Import re # findall returns the list. You cannot use the group to obtain the group print (re. findall (R' (\ d +)-([a-z]) ', '2014-dfsdfs777-hhh') # [('20140901', 'D '), ('20140901', 'H')] print (re. search (R' (\ d +)-([a-z]) ', '2017-dfsdfs777-hhh '). group (0) # 34324-d returns the overall print (re. search (R' (\ d +)-([a-z]) ', '2017-dfsdfs777-hhh '). group (1) #34324 obtain the first group print (re. search (R' (\ d +)-([a-z]) ', '2017-dfsdfs777-hhh '). group (2) # d get the second group print (re. search (R' (\ d +)-([a-z]) ', '2017- Dfsdfs777-hhh '). group (3) # IndexError: no such groupprint (re. search (r "(jason) kk \ 1", "xjasonkkjason "). group () # \ 1 indicates the jasonkjasonprint (re. search (R' (\ d) gg \ 1', '2j333gg3jjj8 '). group () #3gg3 \ 1 indicates using the first group \ d # Why is the following return None empty? 3gg7 is not matched, because \ 1 not only indicates the first group, but also matches the content of the first group. The first group matches 3, the second group matches to 7, so null print (re. search (R' (\ d) gg \ 1', '2j333gg7jj8') print (re. search (R '(? P <first> \ d) abc (? P = first) ', '1abc1') #1abc1 declares an ancestor and uses the ancestor name to reference a group.
5. Comprehensive Exercises

Check an IP address, such as 192.168.1.1. Let's see how the code is implemented.

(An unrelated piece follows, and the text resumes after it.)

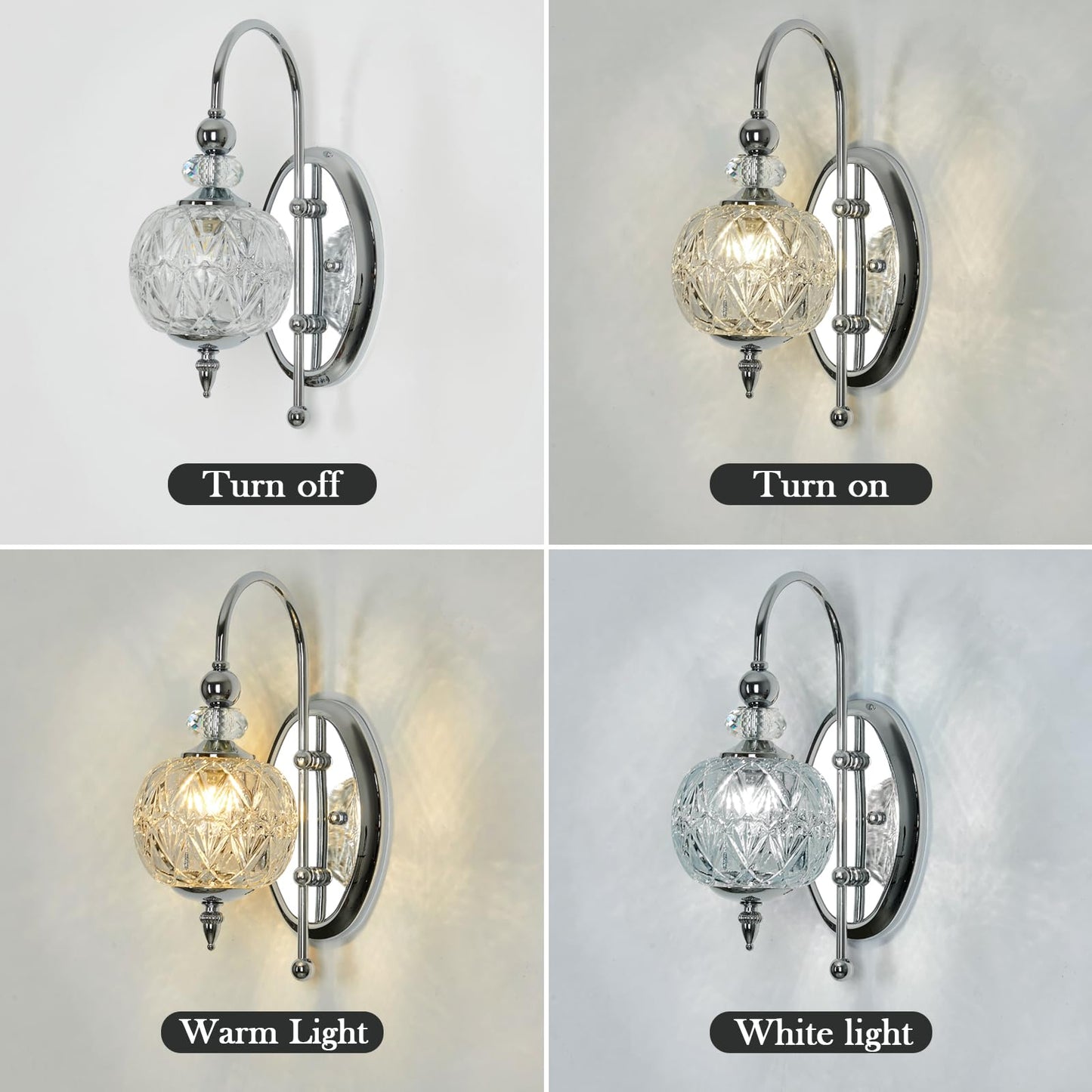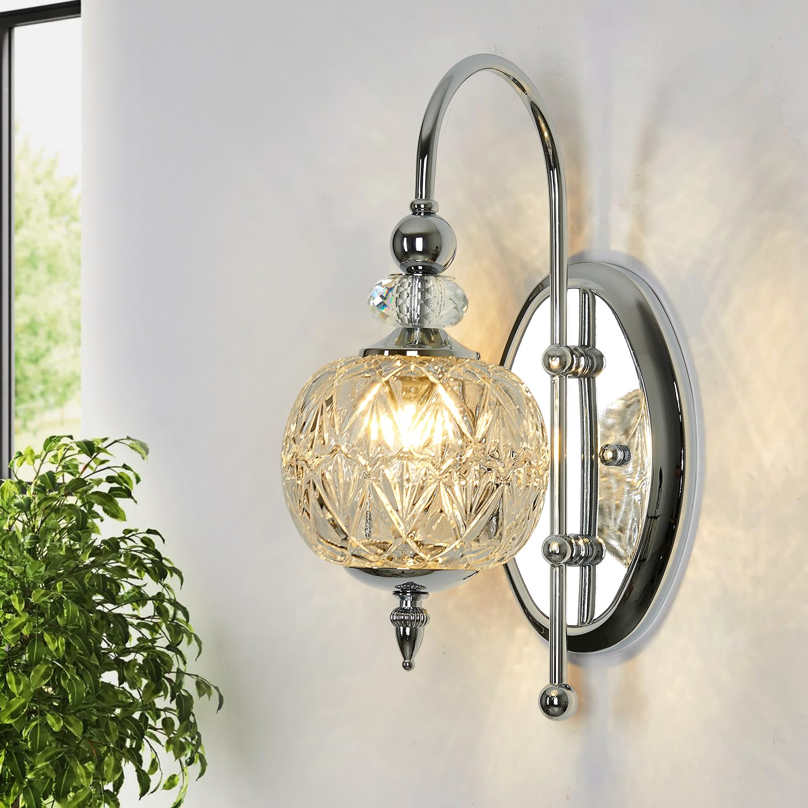 - Durable Silver Vanity Light : This bedside wall lamp is sturdy and durable with thick glass lampshade and metal parts treated exterior with Magnetic Baking varnish. And metal parts are not easy to corrode and oxidize.Attention: Please note the size. The glass is broken, please email me and I will replace it for you...

C = re. compile (R' (1 \ d | 2 [0-4] \ d | 25 [0-5] | [1-9] \ d | \ d) \.) {3} (1 \ d | 2 [0-4] \ d | 25 [0-5] | [1-9] \ d | \ d )') print (c. search ('2017. 255.256.25asdsa10.11.244.10 '). group () #10.11.244.10 245.255.256.25 does not meet the requirements, so it does not match

Here we will explain the above matching rules, first read (1 \ d | 2 [0-4] \ d | 25 [0-5] | [1-9] \ d | \ d )\.), where 1 \ d indicates matching 100-199 numbers | represents or means, 2 [0-4] \ d indicates matching 100-249,25 [0-5] indicates matching 250-255, [1-9] \ d | \ d) matches 10-99 and 0-9 ,\. match a point. {3} indicates matching the group three times. To match an ip address, it is important to first understand the form of each field of the ip address, and then write the matching rule. If you are interested, go to the implementation of the calculator in my Python practice directory and use regular expressions.

Contact Us

The content source of this page is from Internet, which doesn't represent Alibaba Cloud's opinion; products and services mentioned on that page don't have any relationship with Alibaba Cloud. If the content of the page makes you feel confusing, please write us an email, we will handle the problem within 5 days after receiving your email.

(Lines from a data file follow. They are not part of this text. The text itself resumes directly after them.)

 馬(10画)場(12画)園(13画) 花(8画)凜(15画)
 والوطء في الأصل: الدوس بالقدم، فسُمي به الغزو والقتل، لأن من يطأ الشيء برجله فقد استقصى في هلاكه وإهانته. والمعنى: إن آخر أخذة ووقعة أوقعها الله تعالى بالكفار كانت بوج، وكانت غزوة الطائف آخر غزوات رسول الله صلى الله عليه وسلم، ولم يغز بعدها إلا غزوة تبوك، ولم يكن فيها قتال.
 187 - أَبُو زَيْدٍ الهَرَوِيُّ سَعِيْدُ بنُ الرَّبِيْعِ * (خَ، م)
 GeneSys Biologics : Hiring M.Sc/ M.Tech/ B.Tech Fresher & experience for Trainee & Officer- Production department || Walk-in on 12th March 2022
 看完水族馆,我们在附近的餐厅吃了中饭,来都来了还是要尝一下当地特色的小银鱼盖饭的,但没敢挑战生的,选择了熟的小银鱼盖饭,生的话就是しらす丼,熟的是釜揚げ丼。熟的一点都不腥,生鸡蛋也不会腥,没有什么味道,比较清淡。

If you find any instances of plagiarism from the community, please send an email to: info-contact@alibabacloud.com and provide relevant evidence. A staff member will contact you within 5 working days.

A Free Trial That Lets You Build Big!

Start building with 50+ products and up to 12 months usage for Elastic Compute Service

  • Sales Support

    1 on 1 presale consultation

  • After-Sales Support

    24/7 Technical Support 6 Free Tickets per Quarter Faster Response

  • Alibaba Cloud offers highly flexible support services tailored to meet your exact needs.